I don’t think there is any engineer or streaming practitioner among us who would offer such a futureproof guarantee on the ability of any modern streaming and information systems to preserve our cat videos for 4,000 years. I can’t even play a cassette from my own childhood any more!
But let’s suppose we start to form a practical model for our “4,000-year Guaranteed Intergenerational Legacy Information Channel.” It would presumably have some inherent capacity limitations. There would need to be an energy model, and an economic model for maintaining it. In realistic terms, it is hard to envision such a system lasting 100 years, let alone 4,000 years. Even if we make a series of such systems, we also have to accept that there is a risk of loss as the videos get transferred and transcoded from one to the other, introducing a “finiteness” to the number of times we can even move the messages from one system to another without loss or without extra care (cost, etc).
This means we will have to become selective about what messages we decide to preserve and pass forward in time.
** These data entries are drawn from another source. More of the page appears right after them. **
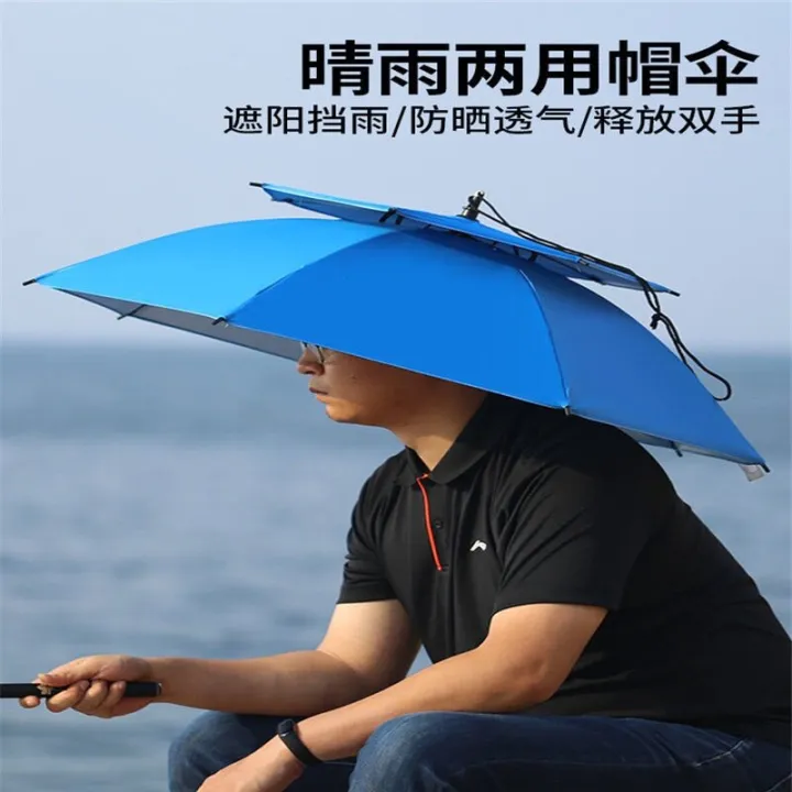 【现货速发】垂钓遮阳伞帽钓鱼帽伞防晒防雨头戴式雨伞双层大号头顶伞户外Fishing parachute cap fishing cap umbrella sunscreen rain wearing umbrella double large top umbrella outdoor
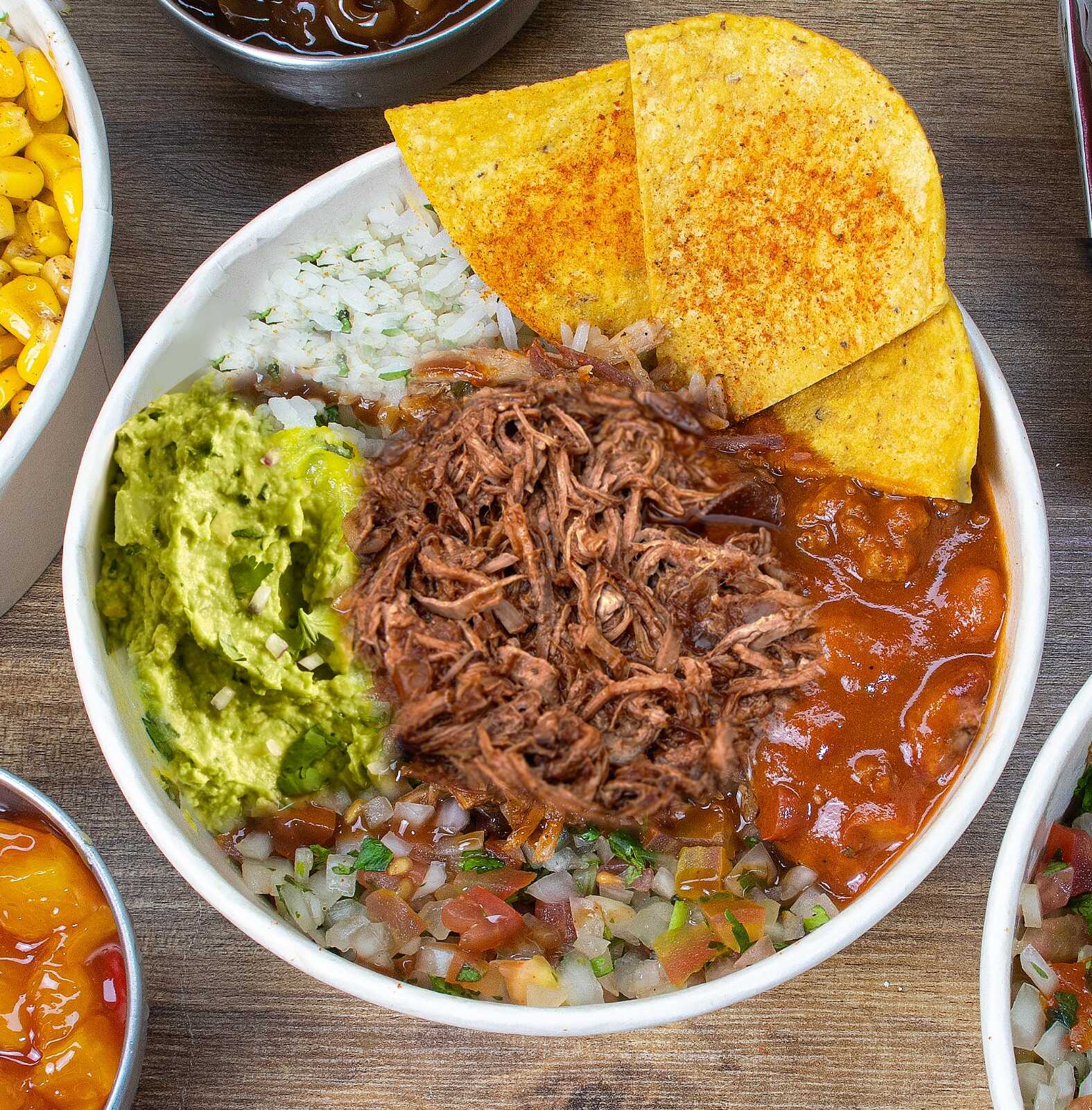 1 porcion de arroz, porcion de pollo desmechado, maicios, pico de gallo, salsa de zanahoria, nachos. Van con toppings
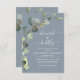 Invitation Dusty Blue Brunch & Bubbly QR Code Eucalyptus
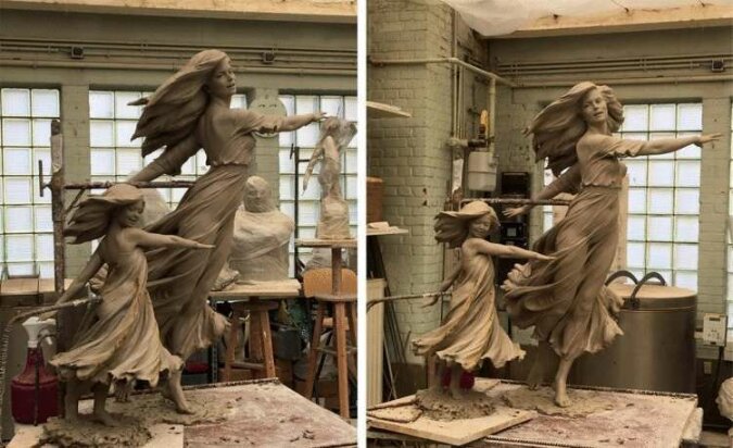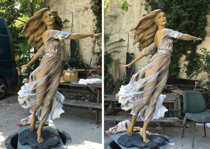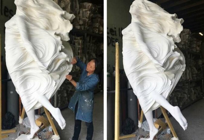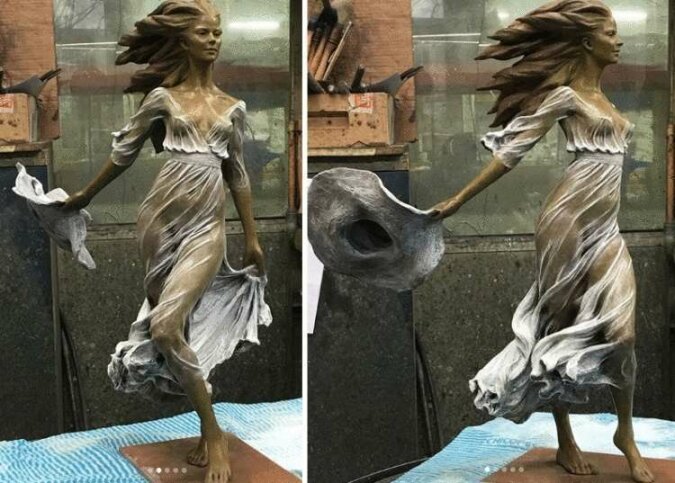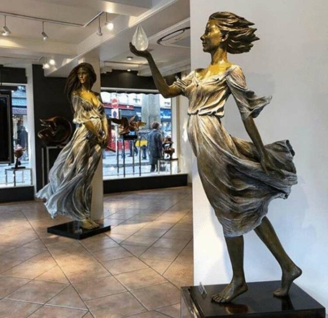 Chińska artystka Luo Li Rong tworzy brązowe posągi kobiet w sukienkach o włosach powiewających na wietrze. Jej postacie zdają się być zastygnięte w ruchu.
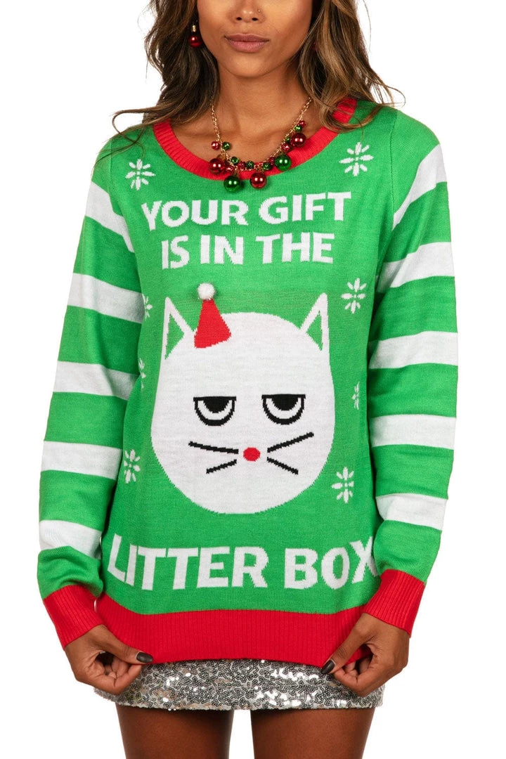 Tipsy Elves Women’s Litter Box Freeform Sweater
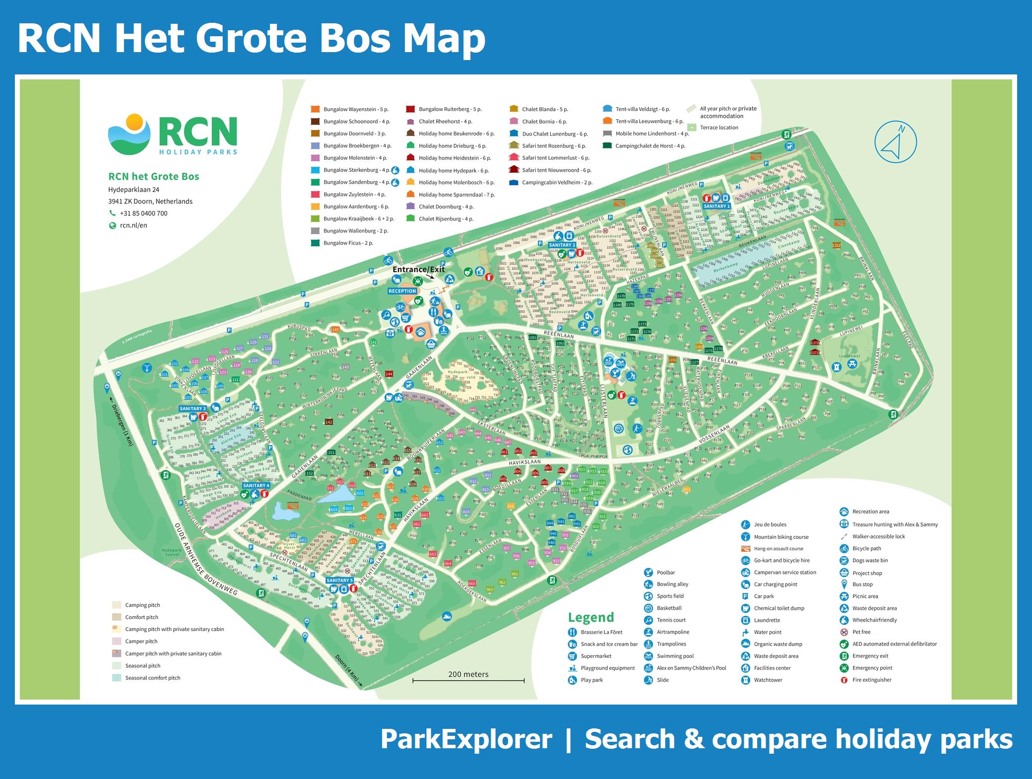 Up-to-date and comprehensive village map of RCN Het Grote Bos with all accommodations and facilities, also available as PDF.
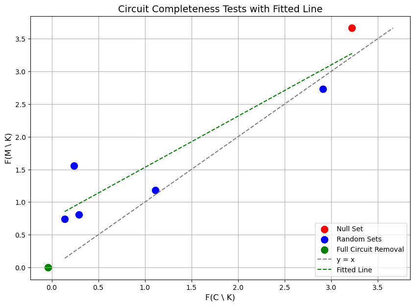 Different papers have proposed a few methods to measure this. Wang et al. [5] measure completeness by comparing how a circuit its parent model behave under random ablations of components from the circuit. If removing a subset of the circuit from both the circuit and model causes a similar drop in performance, this provides some evidence that the same latents important for a given task are also important for the whole model.
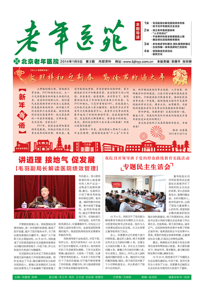 在新的一年里,我们将深入贯彻十八届三中全会精神,继续围绕医院“十二五”工作目标,科学规划医院的事业发展、人才培养、科研教学和学科建设;以医疗综合楼的落成使用为契机,不断提高医疗服务质量,推动医院各项事业进一步发展;继续推进与国内外及高等院校的学术交流,博采众长,拓宽眼界,为医院的发展和老年卫生事业的发展做出新贡献!
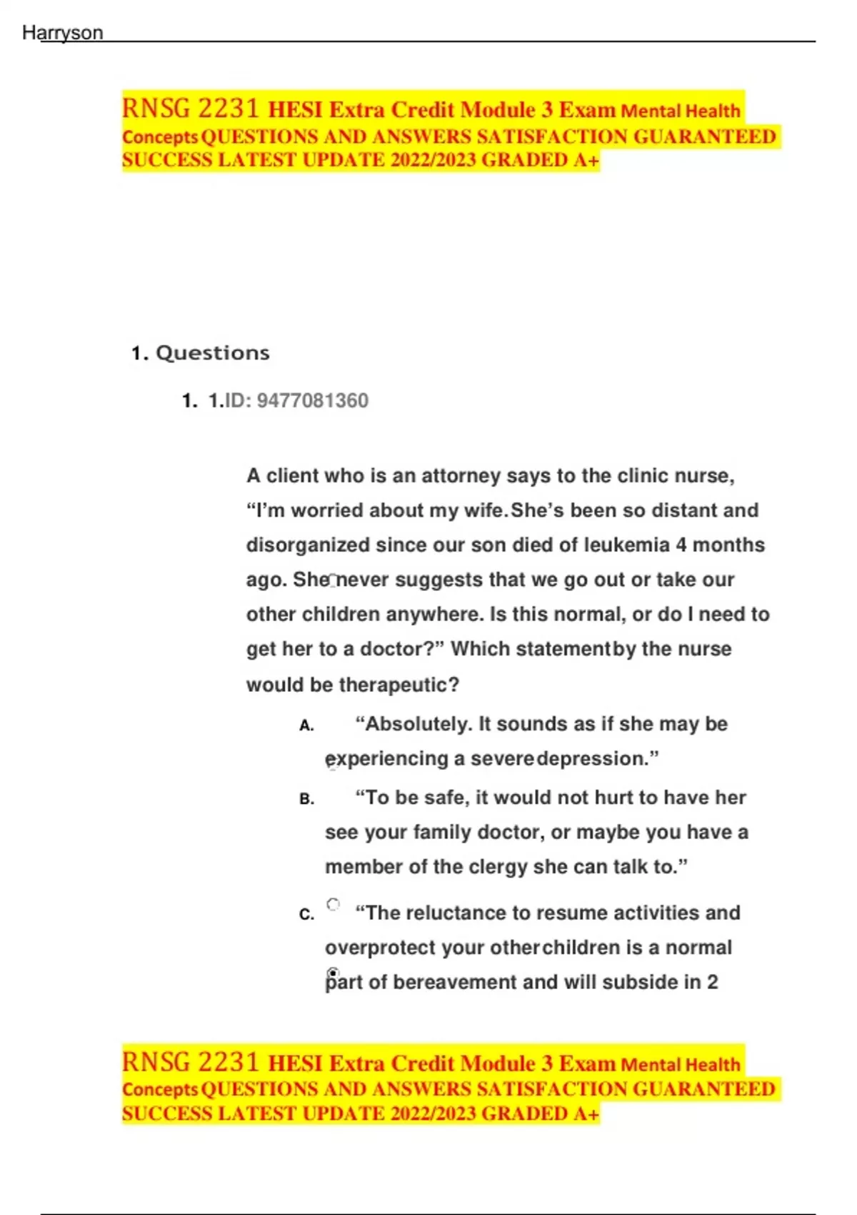 Hesi extra credit module 3 exam docxRNSG 2231 HESI Extra Credit Module 3 Exam Mental Health ConceptsQUESTIONS AND ANSWERS SATISFACTION GUARANTEED SUCCESS LATEST UPDATE 2022/2023 GRADED A+ RNSG 2231 HESI Extra Credit Module 3 Exam Mental Health ConceptsQUESTIONS AND ANSWERS SATISFACTION GUARANTEED SUCCESS LATEST UPDATE 2022/2023 GRADED A+ 1. Questions 1. 1.ID: 0 A client who is an attorney says to the clinic nurse, “I’m worried about my wife.She’s been so distant and disorganized since our son died of leukemia 4 months ago. She never suggests that we go out or take our other children anywhere. Is this normal, or do I need to get her to a doctor?” Which statementby the nurse would be therapeutic? A. “Absolutely. It sounds as if she may be experiencing a severedepression.” B. “To be safe, it would not hurt to have her see your family doctor, or maybe you have a member of the clergy she can talk to.” C. “The reluctance to resume activities and overprotect your otherchildren is a normal part of bereavement and will subside in 2 Harryson RNSG 2231 HESI Extra Credit Module 3 Exam Mental Health ConceptsQUESTIONS AND ANSWERS SATISFACTION GUARANTEED SUCCESS LATEST UPDATE 2022/2023 GRADED A+ RNSG 2231 HESI Extra Credit Module 3 Exam Mental Health ConceptsQUESTIONS AND ANSWERS SATISFACTION GUARANTEED SUCCESS LATEST UPDATE 2022/2023 GRADED A+ months.” D. “It’s normal, but by the end of a year you can expect that yourwife is improving and able to redirect her energy. Have you expressed your concerns to her?” Correct Rationale: The nurse should provide the husband with correct information and let him know that disorganization and a depressive mood usually ease over thecourse of a year’s bereavement and that loneliness and aimlessness usually peak 6 to 9 months after a death. In stating, “Absolutely. It sounds as if she may be experiencing a severe depression,” the nurse overreacts and offers a pseudodiagnosis. This is nontherapeutic and unprofessional. In stating, “To besafe, it would not hurt to have her see your family doctor, or maybe you have amember of the clergy she can talk to,” the nurse offers a good source of support as a referral, which may be helpful, but it is incorrect to allow the spouse to be concerned. Stating, “The reluctance to resume activities and overprotect your other children is a normal part of bereavement and will subside in 2 months” is a partly correct
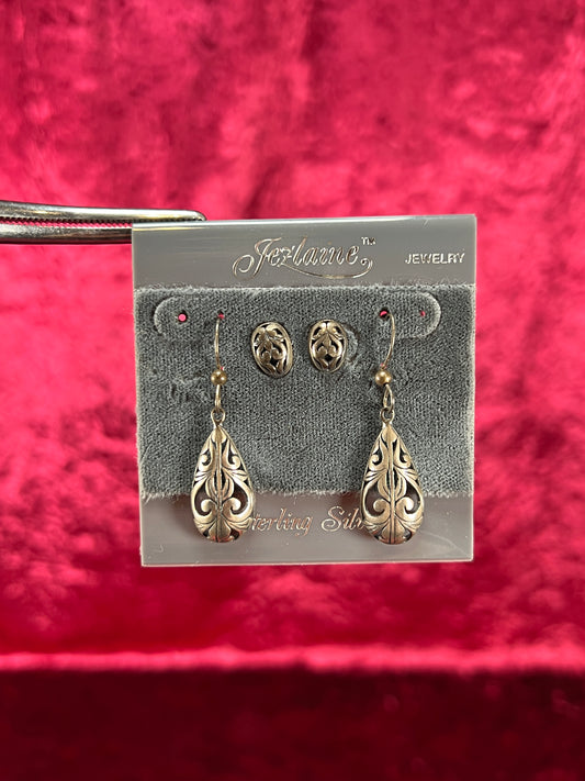 Vintage Jewelry - Studs and Dangling Earrings Set - Sterling Silver - Jezlaine - Made In USA
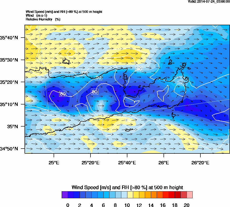 Graph 2: arw002.png - Wind Speed [m/s] and RH [>80%] at 500 m height
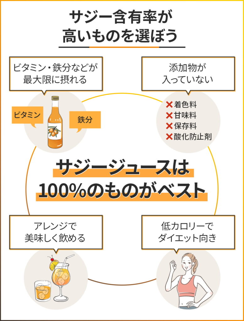 サジー含有率が100%に近いものほど、ビタミンや鉄分を多く摂ることができます。
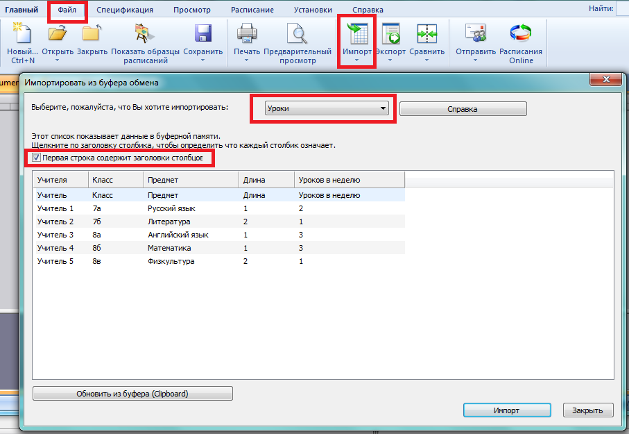 3. Затем откройте программу для составления расписаний и выберите в меню "Файл" "Импортировать / Импортировать из буфера обмена"
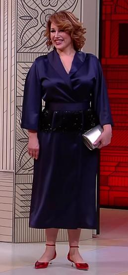 Ну а плаття для третього иходу глибокого синього кольору з басками вигідно підкреслило талію.

Not just to our kids, but down through many generations to our descendants.
Logically, new messages may be more relevant than old, and the long tail may be expired that way, so CCTV videos may be relegated to oblivion sooner than the cat videos. But at least some of those old videos will need to be flagged, somehow, as “important: preserve.” But what is “important,” and to whom? And if storage is limited, won’t the “important” videos eventually fill up all the drives we can ever manufacture or provide energy for, at which point new information will have nowhere to be stored at all without losing some “important” information. (And wouldn’t we then need to classify that lost information as “not quite as important as we originally thought?”)
So considering streaming, file transfer, or even leaving the long tail simply unused and archived as the storage media changes around it over years, there’s much to think about for anyone wanting to leave a video as an intergenerational legacy.
In the 1970s, the Pioneer space launch took a gold disc with some etchings and a phonographic audio recording out of the solar system. That tiny bit of information preserved in gold is intended to be the last bit of human information that our species tried to protect from the inevitability of our “local” future, beyond the point where our sun returns everything in the solar system back to disordered energy. Even if we managed to compress all the long-tail content (and all the short-tail too, for that matter) and pack it off safely on a spaceship, we’d probably have to accept that it would eventually be lost into a black hole.
Until then, we need to keep thinking about the problem of passing on our digital legacy through the generations. Otherwise, the information age may ironically leave behind almost no long-term legacy. In this particular regard, that 4,000-year-old Sumerian clay tablet is clearly superior to anything digital!